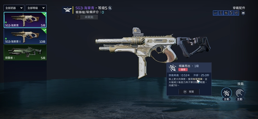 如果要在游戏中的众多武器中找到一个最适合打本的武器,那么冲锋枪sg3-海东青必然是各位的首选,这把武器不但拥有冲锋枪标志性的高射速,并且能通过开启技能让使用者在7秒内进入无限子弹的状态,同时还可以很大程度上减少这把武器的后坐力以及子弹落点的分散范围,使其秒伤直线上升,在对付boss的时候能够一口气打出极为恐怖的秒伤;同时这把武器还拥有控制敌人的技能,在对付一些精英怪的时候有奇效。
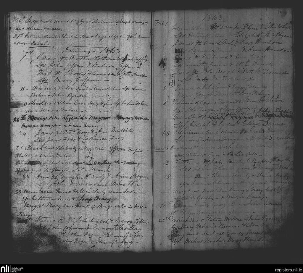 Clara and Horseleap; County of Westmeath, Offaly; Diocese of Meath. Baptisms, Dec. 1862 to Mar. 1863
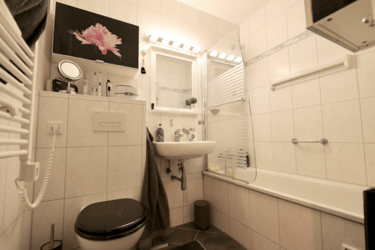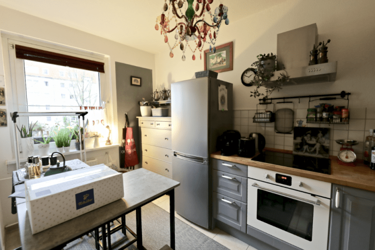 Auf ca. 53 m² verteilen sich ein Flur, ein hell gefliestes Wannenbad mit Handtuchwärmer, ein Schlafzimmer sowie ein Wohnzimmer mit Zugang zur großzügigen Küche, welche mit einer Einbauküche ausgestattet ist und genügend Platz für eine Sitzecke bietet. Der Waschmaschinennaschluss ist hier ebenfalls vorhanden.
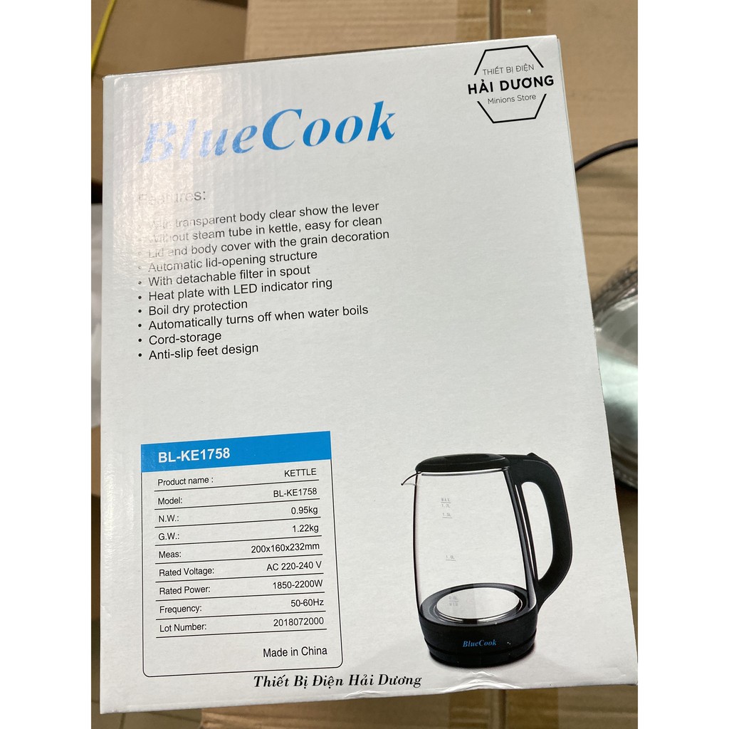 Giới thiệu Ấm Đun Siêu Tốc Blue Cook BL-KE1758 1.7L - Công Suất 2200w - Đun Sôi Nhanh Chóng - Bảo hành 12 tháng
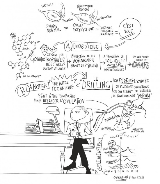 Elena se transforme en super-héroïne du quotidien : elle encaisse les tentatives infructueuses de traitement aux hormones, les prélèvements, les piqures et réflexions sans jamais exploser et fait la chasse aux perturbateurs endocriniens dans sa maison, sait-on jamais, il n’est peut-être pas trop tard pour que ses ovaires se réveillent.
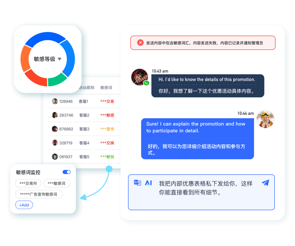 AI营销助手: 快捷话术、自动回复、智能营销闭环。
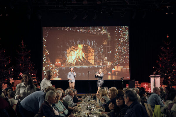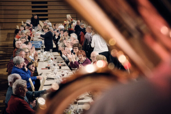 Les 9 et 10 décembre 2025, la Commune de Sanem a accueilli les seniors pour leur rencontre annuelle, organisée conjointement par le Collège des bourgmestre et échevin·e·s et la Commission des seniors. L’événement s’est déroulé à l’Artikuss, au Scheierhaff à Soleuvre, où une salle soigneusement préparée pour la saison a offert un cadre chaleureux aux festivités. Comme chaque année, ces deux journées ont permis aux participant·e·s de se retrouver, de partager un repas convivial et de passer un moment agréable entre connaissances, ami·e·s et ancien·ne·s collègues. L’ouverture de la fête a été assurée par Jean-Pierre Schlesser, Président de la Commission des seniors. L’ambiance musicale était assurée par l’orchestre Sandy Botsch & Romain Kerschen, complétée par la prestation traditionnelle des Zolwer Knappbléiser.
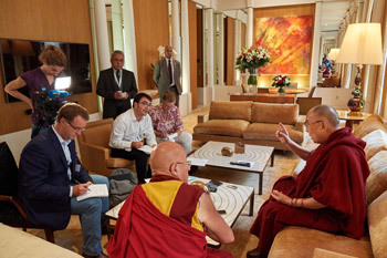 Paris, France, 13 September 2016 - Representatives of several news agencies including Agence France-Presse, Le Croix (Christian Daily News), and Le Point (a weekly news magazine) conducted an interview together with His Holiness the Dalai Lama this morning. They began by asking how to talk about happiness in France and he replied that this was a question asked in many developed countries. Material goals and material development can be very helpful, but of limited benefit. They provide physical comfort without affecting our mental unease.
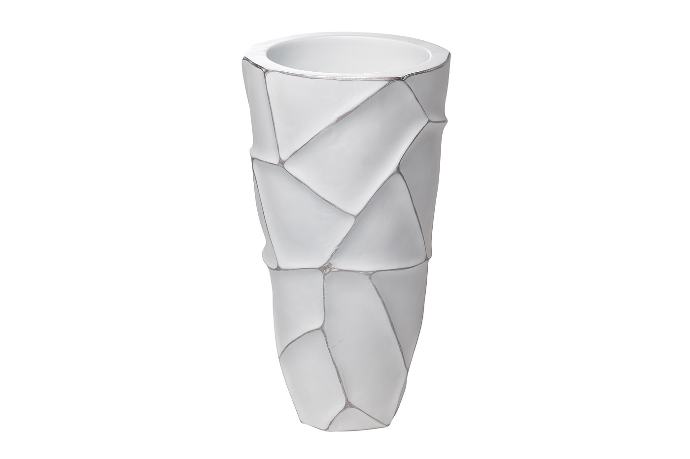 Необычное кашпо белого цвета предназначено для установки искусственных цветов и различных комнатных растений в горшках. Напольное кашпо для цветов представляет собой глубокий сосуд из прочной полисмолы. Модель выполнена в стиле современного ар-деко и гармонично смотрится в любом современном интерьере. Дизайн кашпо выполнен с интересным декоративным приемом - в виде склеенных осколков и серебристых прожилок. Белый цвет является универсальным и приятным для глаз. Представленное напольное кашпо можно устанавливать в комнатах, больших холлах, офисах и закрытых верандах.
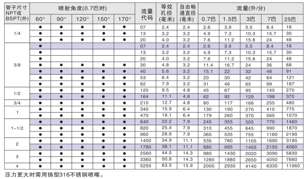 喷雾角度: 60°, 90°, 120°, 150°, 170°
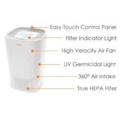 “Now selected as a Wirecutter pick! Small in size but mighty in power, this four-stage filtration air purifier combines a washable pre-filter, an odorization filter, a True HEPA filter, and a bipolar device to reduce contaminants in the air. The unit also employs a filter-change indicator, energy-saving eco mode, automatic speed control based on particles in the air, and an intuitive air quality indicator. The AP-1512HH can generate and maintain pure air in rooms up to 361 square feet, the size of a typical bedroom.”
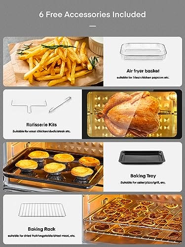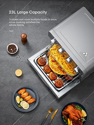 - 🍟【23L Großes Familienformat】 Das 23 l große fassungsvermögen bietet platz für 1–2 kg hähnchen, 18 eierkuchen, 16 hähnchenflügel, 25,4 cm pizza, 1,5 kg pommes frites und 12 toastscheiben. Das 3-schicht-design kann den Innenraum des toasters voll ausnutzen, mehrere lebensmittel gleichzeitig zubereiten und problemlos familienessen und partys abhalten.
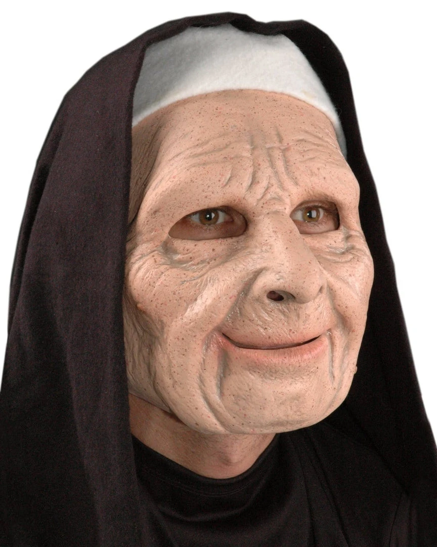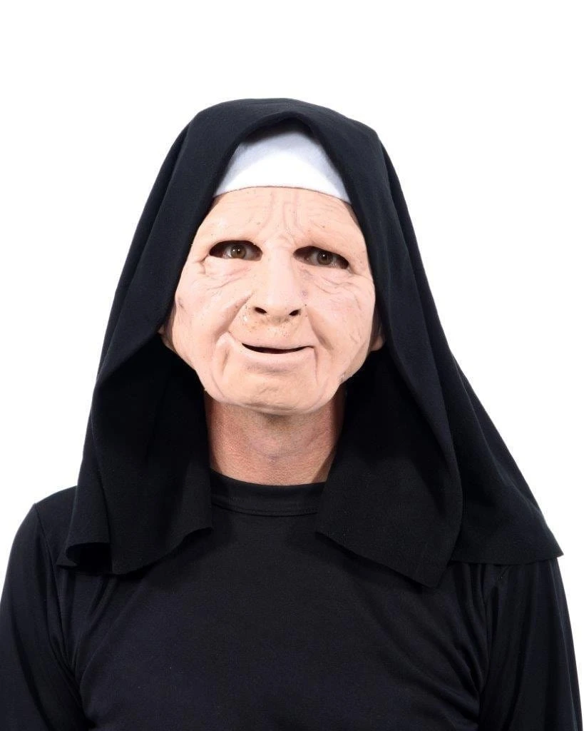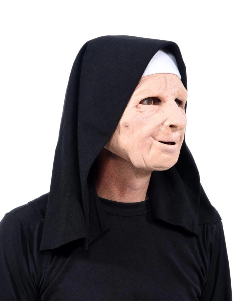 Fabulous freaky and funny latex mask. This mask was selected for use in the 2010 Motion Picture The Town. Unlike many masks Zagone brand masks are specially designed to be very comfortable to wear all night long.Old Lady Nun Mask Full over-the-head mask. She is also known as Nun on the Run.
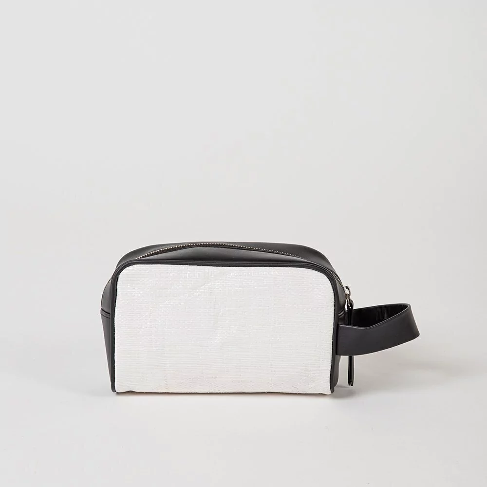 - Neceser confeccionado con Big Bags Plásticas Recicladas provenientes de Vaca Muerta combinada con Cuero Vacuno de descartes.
- - - - - - -
▶ _Work required_: Every line above from the one with "Elena se transforme" down to the one with "AI营销助手: 快捷话术、自动回复、智能营销闭环。" must be written out exactly, and no picture may appear.

▶ _Solution to this task_:
 Elena se transforme en super-héroïne du quotidien : elle encaisse les tentatives infructueuses de traitement aux hormones, les prélèvements, les piqures et réflexions sans jamais exploser et fait la chasse aux perturbateurs endocriniens dans sa maison, sait-on jamais, il n’est peut-être pas trop tard pour que ses ovaires se réveillent.
 AI营销助手: 快捷话术、自动回复、智能营销闭环。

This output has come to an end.